FRANKLIN HAD, I think, the most eminent mind that has ever I existed in America. No wonder there are so many legendary misconceptions of him that it is difficult now to restore and comprehend him in the great integrity of his mind, character, and personality. He appears, somehow, to be a syndicate of men. We study him as a scientist, as a diplomat, as a statesman, as a business man, as an economist, as a printer, as a 'humorist and wit, as a great writer, as a sage, and as a landmark in the history of human speech about the common ways of life. What had been said before he so often said better. He was great in friendship, and in his later years was probably the most renowned private citizen on earth. It has recently been more than once remarked—and printed —that Benjamin Franklin was the American Leonardo da Vinci. This is American modesty, if not colonialism. Why not occasionally say that Leonardo da Vinci was the Italian Benjamin Franklin?

 

Franklin was the earliest American whom, without limiting ourselves to national terms, we can call a very great man. When you try to define his particular greatness you run into what John Adams felt in his jealous days in Paris. Adams was a great man, but not a very great man. A great man such as Adams living with a very great man such as Franklin cannot tell the difference between himself and the other. Adams could not tell why people thought the difference to be so enormous. Nor can anybody express the difference better than with a fairly common, if not entirely just, geographical analogy. Imagine yourself in a range of mountains. You look up, and several of the mountains seem to you, from where you stand, as high as the master of them all. But when you get to a distance which gives perspective you see that the great mountain towers above the others, which are, in a sense, only foothills to it. This was true of many men with whom Franklin was associated during his life, who were as far from being aware of his genuine superiority as posterity has sometimes been since then. Moreover, his superiority is the hardest kind to measure. We can sometimes measure superiority when it shows itself in outward acts, achievements, tumults, benefits, or damages. Franklin's eminence was in his almost supreme mind that moved to its countless tasks with what seems perfect ease. Both the supremacy and' the ease are hard for us to explain because they are so unique that comparisons fail us.

 

There are, of course, people who take an attitude toward Franklin that may remind us of the fate of Aristides. For his virtues, you will remember, he had a peevish vote cast against him by an illiterate man who was tired of hearing Aristides called Aristides the Just. We often have an impulse to fear and distrust great excellence. We say we like it, but in our hearts we suspect it of being more—and consequently less—than human. When we say this or that hero is human we always mean he is weak in some way that is comforting. All of us are weak, and we like to believe this is human of us. When we find a similar weakness in a great man we are pleased because it means that the great are not so much greater than we are after all.

 

It is now and then asked if Franklin did not get most or many of his ideas from other men, and then out of vanity take the credit to himself. I do not think Franklin was particularly vain. In the third paragraph of his Autobiography he disarmingly admitted that telling his story might gratify his vanity. "Most people dislike vanity in others, whatever share they have of it themselves; but I give it quarter wherever I meet with it, being persuaded that it is often productive of good to its possessor, and to others that are within his sphere of action; and therefore, in many cases, it would not be altogether absurd if a man were to thank God for his vanity among the other comforts of life." Franklin knew that the false modesty which men conventionally affect is a mode of self-conscious egotism.

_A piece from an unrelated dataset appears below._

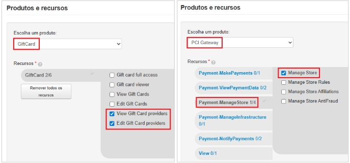 No recurso “Payment-ManageStore” habilite “Manage Store” (Gerenciar Loja)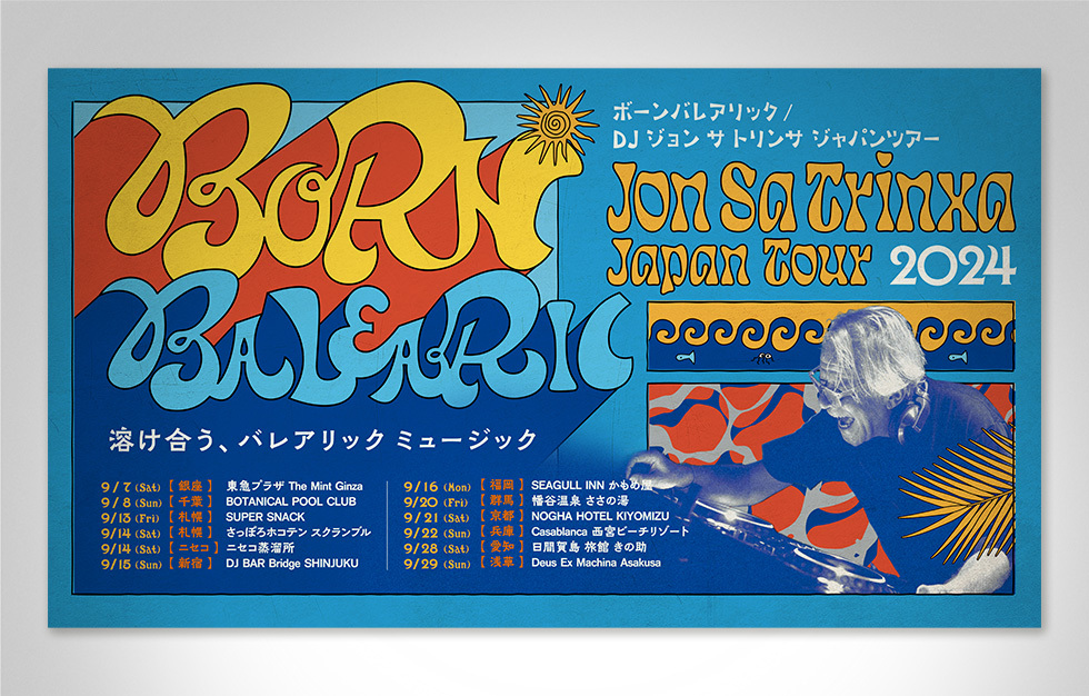 今年は東京銀座を皮切りに札幌・ニセコ・福岡・群馬・ 京都・兵庫・愛知・千葉と全国 12 箇所でバレアリック旋風を巻き起こします。

What could Franklin do when he wrote his Autobiography but tell of things he had done or helped do? Why should he have talked as with his hand over his mouth or his elbow over his head? Everybody knew he was great and famous. For him to pretend not to know that would have been silly, a form of stage fright. In a letter about the classic epigram of Turgot which said Franklin had snatched the lightning from the sky and the sceptre from tyrants, Franklin in 1781 honestly protested. "It ascribes too much to me, especially in what relates to the tyrant; the Revolution having been the work of many able and brave men, wherein it is sufficient honor for me if I am allowed a small share."

 

Or go back to an earlier year in Franklin's life, when he was not so famous and might have been tempted not to be so generous.

 

In the fall of 1753 he got together what he called a "philosophical packet" of letters exchanged between him and various scientific friends of his in America. It was an important year for Franklin. The King of France had complimented the remote Philadelphia tradesman on his electrical discoveries, Harvard and Yale had given him honorary degrees, the Royal Society in November awarded him the Copley gold medal. The "philosophical packet" was to signalize what Franklin hoped would be a fresh beginning for him in the scientific career he looked forward to. Among these papers was a latter from James Bowdoin of Boston, dated November 12, in which he—before any other scientist so far as is known—hit on the first true explanation of luminosity (phosphorescence) in sea water: "that the said appearance might be caused by a great number of little animals, floating on the surface of the sea, which, on being disturbed, might, by expanding their fins, or otherwise moving themselves, expose such a part of their bodies as exhibits a luminous appearance, somewhat in the manner of a glowworm, or firefly."

 

Here was a subject Franklin had already speculated on. He had at first conjectured that this luminosity was "owing to electric fire, produced by friction between the particles of water and those of salt. Living far from the sea, I had then no opportunity of making experiments on the sea water, and so embraced this opinion too hastily. For in 1750 and 1751, being occasionally on the sea coast, I found, by experiments, that sea water in a bottle, though at first it would by agitation appear luminous, yet in a few hours it lost that 'virtue; hence, and from this . . . I first began to doubt of my former hypothesis, and to suspect that the luminous appearance in sea water must be owing to some other principles."

 

Bowdoin's conjecture at once struck Franklin as sounder than his own. "It is indeed very possible," he wrote in a letter dated 13 December, "that an extremely small animalcule, too small to be visible even by the best glasses, may yet give a visible light. I remember to have taken notice, in a drop of kennel water magnified by the solar microscope to the bigness of a cart-wheel, there were numbers of visible animalcules swimming about; but I was sure there were likewise some which I could not see, even with that magnifier; for the wake they made in swimming to and fro was very visible, though the body that made it was not so. Now, if I could see the wake of an invisible animalcule, I imagine I might much more easily see its light if it were of the luminous kind. For how small is the extent of a ship's wake, compared with that of the light of her lantern."

 

Dr. Edwin Grant Conklin of the American Philosophical Society recently told me that a Japanese scholar had called Franklin's comment on these animalcules in sea water the earliest guess at the existence and nature of the microorganisms, as we should now call them, which are responsible for the phenomenon. Franklin had nothing to do with the error. He kept back his own letter (to be published long after his death), and sent Bowdoin's to London, where it was read before the Royal Society in December 1756 and later included in the 1769 edition of Franklin's Experiments and Observations on Electricity, as A Letter from J. B. Esq; in Boston, to B. F. concerning the Light in Sea-Water. The credit was Bowdoin's, and Franklin plainly gave it to him.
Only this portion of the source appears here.